Tuesday, February 2, 2010

Schultz

I have been dreaming a lot about Schultz lately - somtimes it's so nice to see his white face pop around the corner. But I always have the same feeling....this isn't real. But I want it to be real.

In my heart it feels real but I can't make it stay. Some how reality even in my dreams sneaks in to say...you have to walk away now Renee, thats enough. And then I'll look and he will be gone. And its like I've lost him all over again. Except now I have to act normal.


But how do you have normal when normal is no longer what you have? I've tried to trick my mind into thinking that I have a "new" normal. Its not working. I mean just look at that fuzzy white old man face...how can your heart not hurt?
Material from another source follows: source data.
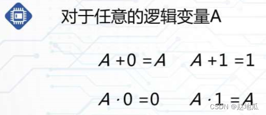 - 由一个逻辑变量集K,常量0和1,以及”或“、”与“、”非“三种基本运算构成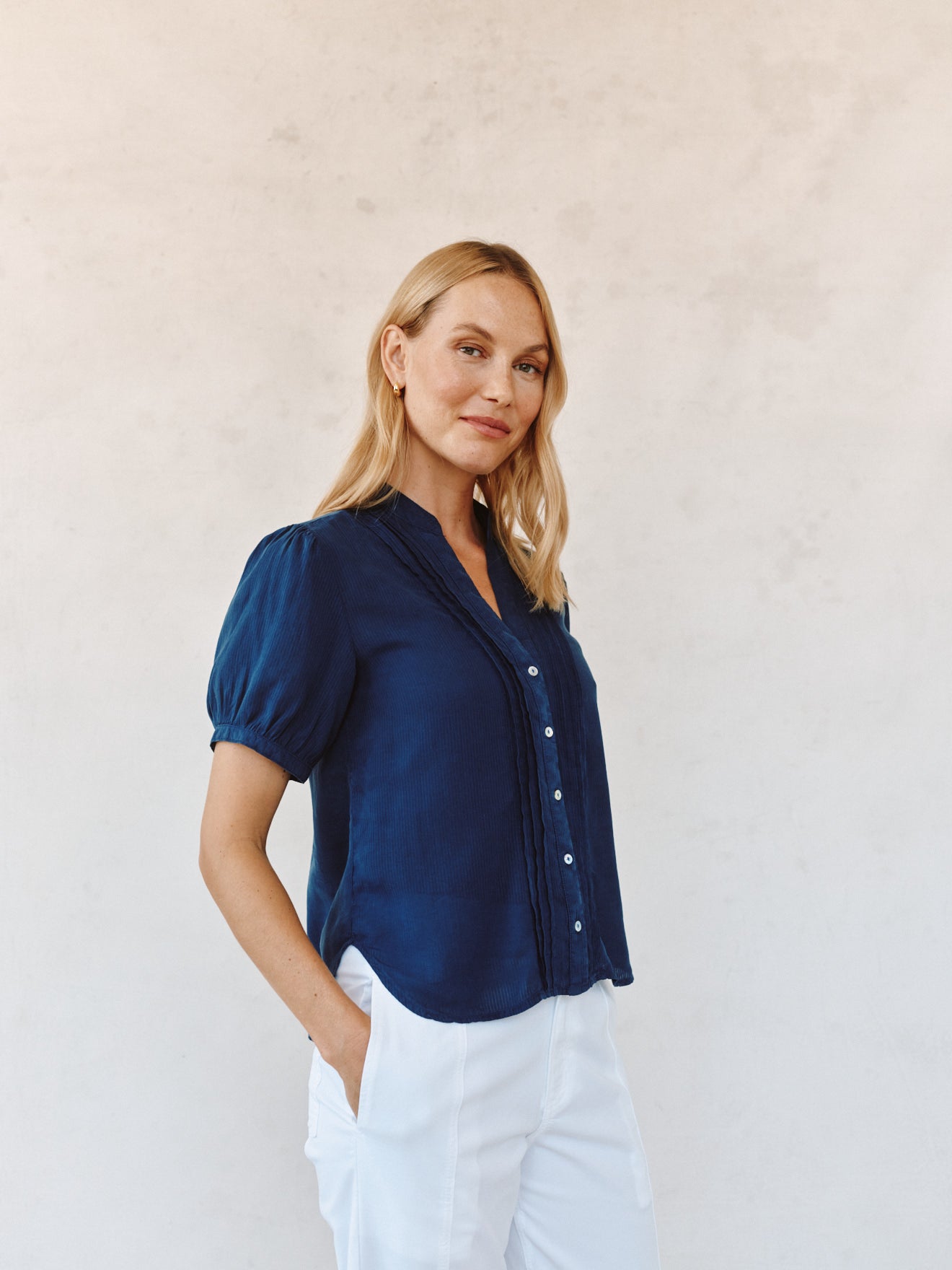 Bella Dahl Short Sleeve Pintuck Shirt Navy Dusk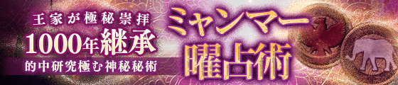 生まれ曜日だけで全てを見通す曜日占い。世界屈指の占い大国ミャンマーにて古来より重要視されてきた“曜日”であなたを支配する運命の法則を完全に読み解いていき、あなたの理想の人生を手に入れましょう。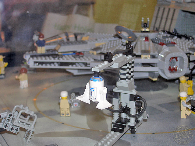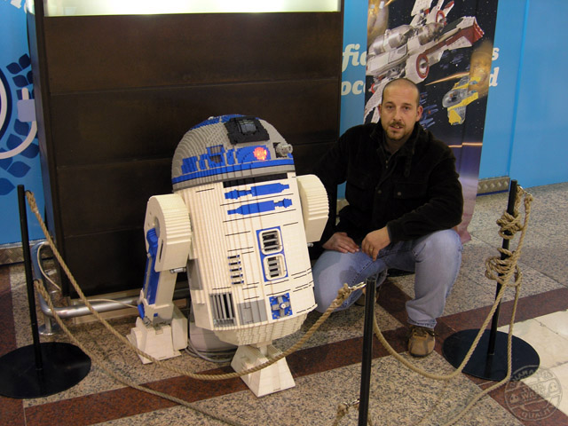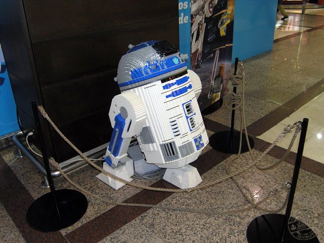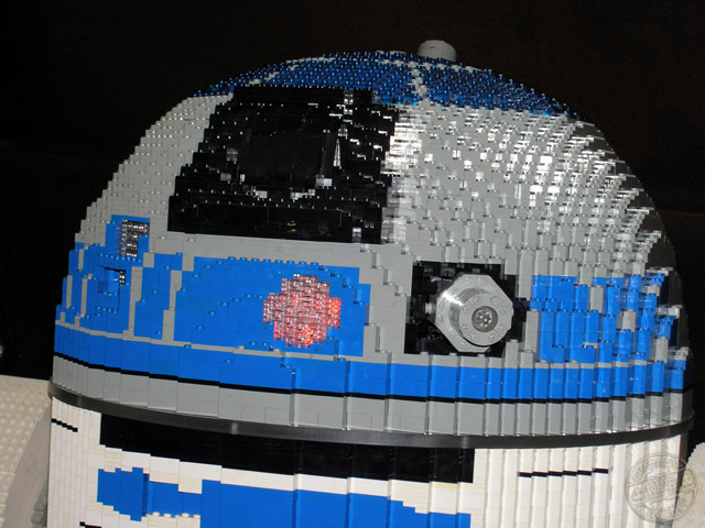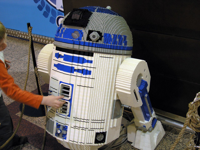 Y ya llegamos al final de esta exposición. Como ya he anticipado, lo último que se puede ver, si por supuesto se sigue el itinerario que yo hice, es otro de nuestros queridos personajes. Una copia del entrañable R2D2 nos aguarda. Sin duda es el mejor de todos los personajes que he visto. Está bastante bien acabado e, incluso, incorpora luces que le hacen parecerse aún más al personaje que representa. A R2 las piezas de Lego parece que le encajan perfectamente, no mostrando demasiada diferencia con su semejante original.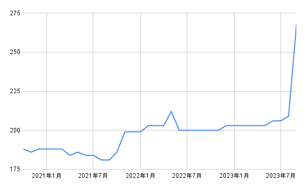 なお、全都市の小売価格の平均は210円(2023年9月時点)、前年同月比では5%の伸びとなっています(いずれも小数点第一位を四捨五入)。

Schultzy had a way of getting up every morning with that....ahhhhhhhh GOOD MORNING!!! WORLD... attitude. I always wondered how he managed that. What little secret did he have on life that I didn't know about? In the mornings as we got ready to walk. He would bark and bark and bark and bark and bark. There was no stopping him.



Our neighbor who had moved from Colorado though we were abusing him. And even went so far as to have animal control come to the house....MULTIPLE TIMES. She even sent us a letter on how to work with our dog. One morning while we were out in the yard. I was still in my bathrobe drinking coffee and Schultzy was doing what he did best by the telephone pole. A cop car pulled into the yard. My first thought was that something was wrong with Geoff. Then it occurred to me that he was there because of Schultz. I remember saying out loud..."are you kidding me???" But he was a very nice cop and said that he had to stop by because the call had been made. We talked about living in Kittery Point and how great Schultz looked for an 11 year old dog. He told us to take care and have a good day....it made me chuckle.


When we brought Schultz home he sat on my lap the entire ride. I remember feeling very scared that I would do something stupid like drop him on his head when I got out of the car. Instead he decided he would hump the neighbors bassett hound and proceed to get his head stuck in the fence post. 
At 10 weeks he escaped his pen and was picked up by the police --- in our front yard. We had a birthday party for him every single year....candles and all. 



He didn't become a little lover until his later years. He was the loner dog with a massive case of separation anxiety. Leave me alone but as long as I know your here I'm OK. He hated FEET...and hated it even more if you touched his butt with your feet. God he could melt your heart with just a look.


Even in sleep he still had a set of ears going. A bark that would pierce through your head. Kisses on special occasions only. Ruined the cabinet door under the sink because I put the cookies there for ONE DAY ONLY...and for him that was THE spot. He buried pizza in our water bed and saved it for the following night...And did all the things you want to have as a memory. I love him. And I miss him so very much.